このままだと九州は何一つ残さず、焼けてしまうだろう。
「このままだと九州は何一つ残さず、焼けてしまうだろう」
今、私が言った言葉を寸分違わずに将校がつぶやいた。薄気味悪いやつだと思い、目をカチンと合わせてみたが、相手は奥まったガチャ目を二三度瞬かせてから、くるりと背を向けて、サーベルをかちゃかちゃ鳴らしながら舳先のほうへと歩いていった。舳先から操舵室へと返ってくる将校を見ると、彼の目は尾根を炙る炎にとまっていた。火の粉まじりの赤く濁った光がごうごうと音を立てて、黒煙を吹いている。こんなひどいものは初めて見た。こんなに大きな火が出る戦というのは一体どんなものなのか?

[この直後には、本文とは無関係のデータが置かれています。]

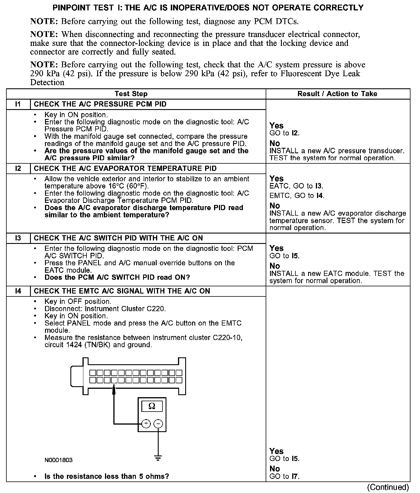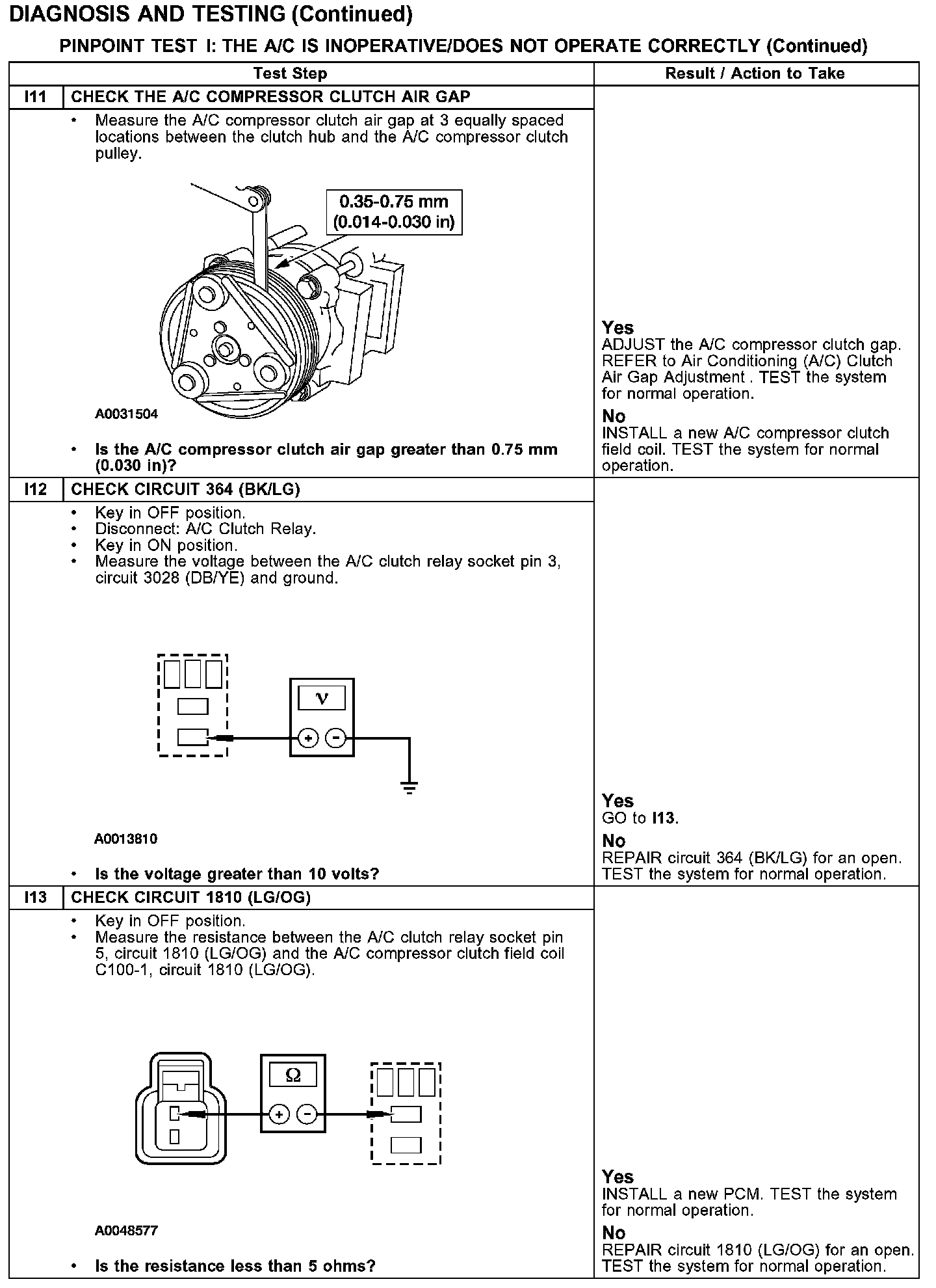 PINPOINT TEST I: THE A/C DOES NOT OPERATE/DOES NOT OPERATE CORRECTLYI1-I4:
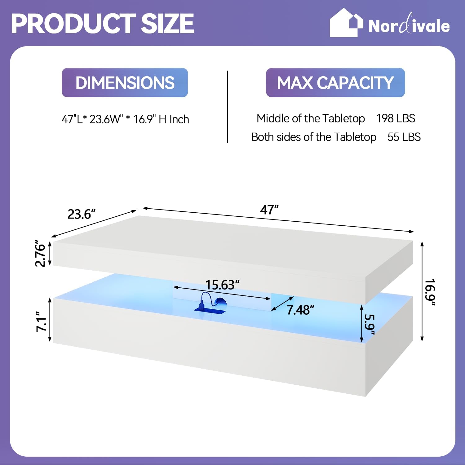 Charging Stat Design: There is charging stat including 1 USB port,1 type-c port and 2 power soets designed to offer much convenience for mobile devices charging. The white coffee table also conveys a sense of en to your room

私は景色が恐ろしいのと、私の心を読んだかのようにモノをつぶやいた将校の薄気味悪いのに嫌気が差してしまった。甲板に大人しく座っている平の隊士たちはまんじりとも動かず、炎に縁取られた九州の山を眺めているが、彼らを八代ではなく、ここに下ろしてもいいような気がしてきた。
「ここで下ろされちゃ困る」
また将校が言った。もはや疑いない。間違いなく私の心を読んでいる。嫌な将校だと思って、目をそらした先では九州がごうごうと焼けている。稜線の上の傾いだ建物にも火がついたらしく、黒煙が渦を巻いているのが見えた。将校はもう十分戦場の火を見たと思ったのだろう、目を閉じて、また行ったり来たりを始めた。
夜空を見上げると、小さな星から順々に見えなくなってきた。九州の焼けた煙が空に満ち始め、星を一つ、また一つと煤のなかに隠してしまっているのだ。ついに一等星が隠れ、そして、満月に少し齢の足りない月までもが見えなくなってしまった。
光は山の向こうの炎だけとなり、船は赤みがかった深い闇のなかに落ちてしまったようだった。銀線の軍帽をかぶった隊士たちの頭が輪郭を失い、あの気味の悪い将校もいつの間にか見えなくなり、機関長を呼んでも返事がない。
私は九州の山が焼ける様がきゅうに恐ろしくなり、まるで心臓をきゅっとつかまれたように震えが止まらなくなり、涙が目からこぼれてきた。
すると、途端に九州を焼いていた火が消えた。光がなくなり、黒煙が重たげに下りてきて、尾根の影が煤に混じって消えてしまった。
機関も止まって、何も見えない暗闇の中で、潮に乗った舳先が海の水を切る音がひやりとするほど明瞭にきこえてきた。抜刀隊の隊士たちはまるで命のない置物のようにじっとしている。
すると、光のない世界に銀が閃いた。それは将校の懐中時計の鎖だった。
小さな恒星のような鎖の光が揺れながら、私に近づいてくる。
将校は私の目の前に立つと、それまで閉じていたまぶたを開けた。
そこに見えた。
全てを焼く、火の粉まじりの赤く濁った光。